J’ai tellement entendus de bons avis sur Aristote et Dante découvrent les secrets de l’univers de Benjamin Alire Saenz que j’ai tout de suite voulu l’avoir et au final, je l’ai laissé traîné sur ma bibliothèque un moment, car bizarrement, je savais que j’allais l’adorer. Et quand je sens qu’une lecture va me plaire et bien… Je n’ai pas envie de la commencer, car je ne veux pas la finir. Bizarre, je sais, je sais. Je me suis enfin mis à le lire et…Woh. WAOUH!

J’espère ne pas trop vous spoiler avec cette chronique, si c’est le cas, j’en suis désolé d’avance, mais difficile d’en parler sans ne rien dévoiler

Dès les premières pages, je me suis plongé dans l’histoire et j’ai tout de suite accroché avec les personnages. On y découvre Aristote, dit Ari, un jeune mexicain de 15 ans qui ne trouve pas sa place dans ce monde. Pour lui, l’adolescence est une période difficile et ses secrets de famille ne l’aident pas. Son père, vétéran de guerre est revenus changé du Vietman et refuse de parler de ce qu’il a vécu. Son grand frère, Bernardo, est en prison depuis plusieurs années et Ari n’en garde presque aucun souvenir. Malgré ça, ses parents refusent de parler de lui et aucune photo n’est affiché dans leur maison. En plus de ça, le jeune homme n’a aucun ami. Tout cela lui est très difficile à supporter et il déborde de colère.
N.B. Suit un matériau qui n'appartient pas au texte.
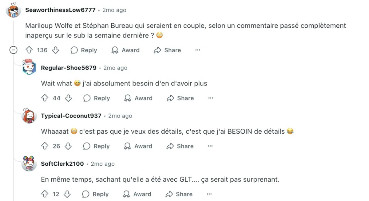 « Mariloup Wolfe et Stéphan Bureau qui seraient en couple, selon un commentaire passé complètement inaperçu sur le sub la semaine dernière? »
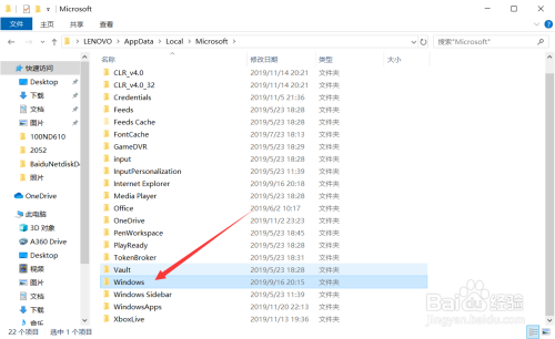 依次点击”Windows“文件夹,如图箭头指标的目的所示;

Jusqu’au moment où Dante rentre dans sa vie pour la changer à tout jamais. Dante est mexicain comme Aristote et à lui aussi 15 ans. Mais contrairement à ce dernier, Dante est un adolescent épanoui, sur de lui, du moins en apparence, proche de ses parents, sensible qui n’hésite pas à montré ce qu’il ressent. Dès les premiers instants, les deux jeunes garçons se lient d’amitié et passent leur temps ensemble. Ils vont passer l’été à apprendre à se connaître, Dante va apprendre à nager à Ari et ensemble, ils vont tenter de découvrir les secrets de l’univers. Ici, les personnages secondaires ont une place importante et ce sont les parents des garçons. Je les ai trouvés tous très attachant, à l’image de leurs enfants. J’ai adoré M. et Mme Quintana, les parents de Dante. Ils apprécient énormément leur fils et Ari qui prend une place importante pour eux aussi. Ils joueront tous un rôle important dans l’amitié des deux garçons.

J’avoue que la couverture et le résumé m’on trompé. On y voit un beau pick-up rouge en pleine nature et il est écrit « C’est donc l’un avec l’autre, et l’un pour l’autre, que les deux garçons vont partir en quête de leur identité et découvrir les secrets de l’univers. » J’imaginais les deux ados montés dans cette voiture et partir pour un road trip enflammé. Mais pas du tout, bien que le pick-up ait sa place dans l’histoire. L’auteur s’amuse même à séparé les amis le temps d’une année quand Dante part pour Chicago avec ses parents. Cette séparation intervient après un accident qui a touché les deux jeunes. Ari prend presque ce départ comme un soulagement. Pendant toute cette année, ils vont communiquer par lettre, ce qui enjouera beaucoup moins Aristote que Dante. Ils vont faire leurs propres expériences chacun de leurs côtés sans pour autant s’oublier.

Au retour de Dante à El Paso, ils vont bien vite se retrouver et réaliser que leur amitié reste la même malgré les changements et la distance. Mais Ari se montre souvent agacé par Dante et sa façon d’être. En tant que lecteur, on comprend bien vite pourquoi le jeune homme réagis comme ça. Quelque chose de grave va se passer ensuite et Aristote va pouvoir enfin prendre conscience de beaucoup de choses, notamment grâce à ses parents et ceux de Dante. Ce n’est qu’à partir de là qu’Ari se transforme et change de comportement.

J’ai trouvé la fin du roman tellement belle même si un peu prévisible. J’ai fermé le livre avec un grand sourire aux lèvres, mais aussi avec la tristesse de devoir laissé partir Aristote et Dante. Au départ, je ne savais pas si je devais classer ce livre dans mes coups de cœur, mais quand je ferme un livre et que j’y pense encore quelques jours après, c’est qu’il est définitivement un coup de cœur.

– Quand commence-t-on à penser que le monde nous appartient? a t-il-demandé.
Je voulais lui dire que le monde ne nous appartiendrait jamais.